Method: UV light-cured circular discs (5 mm) were prepared from Clearfil SE Bond® (SE), Clearfil SE Protect® (PB), Adper Scotchbond SE® (ASE), and Adper Single Bond Plus (ASB+). Conditioned media (CM) were prepared by incubating the discs in DMEM culture medium at 37°C (1 h to 40 days). Normal human gingival fibroblasts and epithelial cells were grown in DMEM and then exposed to CM for 48 h. Toxicity of the CM of each bonding agent was measured by MTT viability assay (Roche Labs). Data analysis: ANOVA and Scheffe’s F procedure.

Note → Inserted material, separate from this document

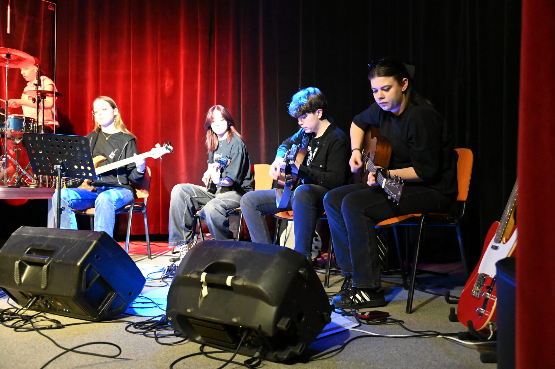 Wystąpili „u siebie”, bo to tutaj ćwiczą i rozwijają umiejętności pod opieką Piotra Budnika. Jako pierwsza na scenie gościnnie wystąpiła również grupa w składzie: Emilia Sokołowska, Dominik Beller, Ignacy Grzegorzek oraz Ignacy Peplinski.

Result: The four adhesive systems differed in their toxicity. 79% of the cells were viable after exposure to SE 1 h CM, but viability decreased upon exposure to CM of longer periods. PB 1h to 3d CM was toxic but CM of longer periods had no effect. 74% of the cells were viable when exposed to ASB+ 1 h CM, but viability was decreased 20% by ≥7 d CM. On the other hand, ASE ≤ 7d CM was non-toxic, but CM of greater periods decreased viability by 36%.
Conclusion: The study suggests that cellular toxicity for all adhesive systems, in addition to bond strength and microleakage, should be considered when choosing a self-etching bonding agent system in clinical practice.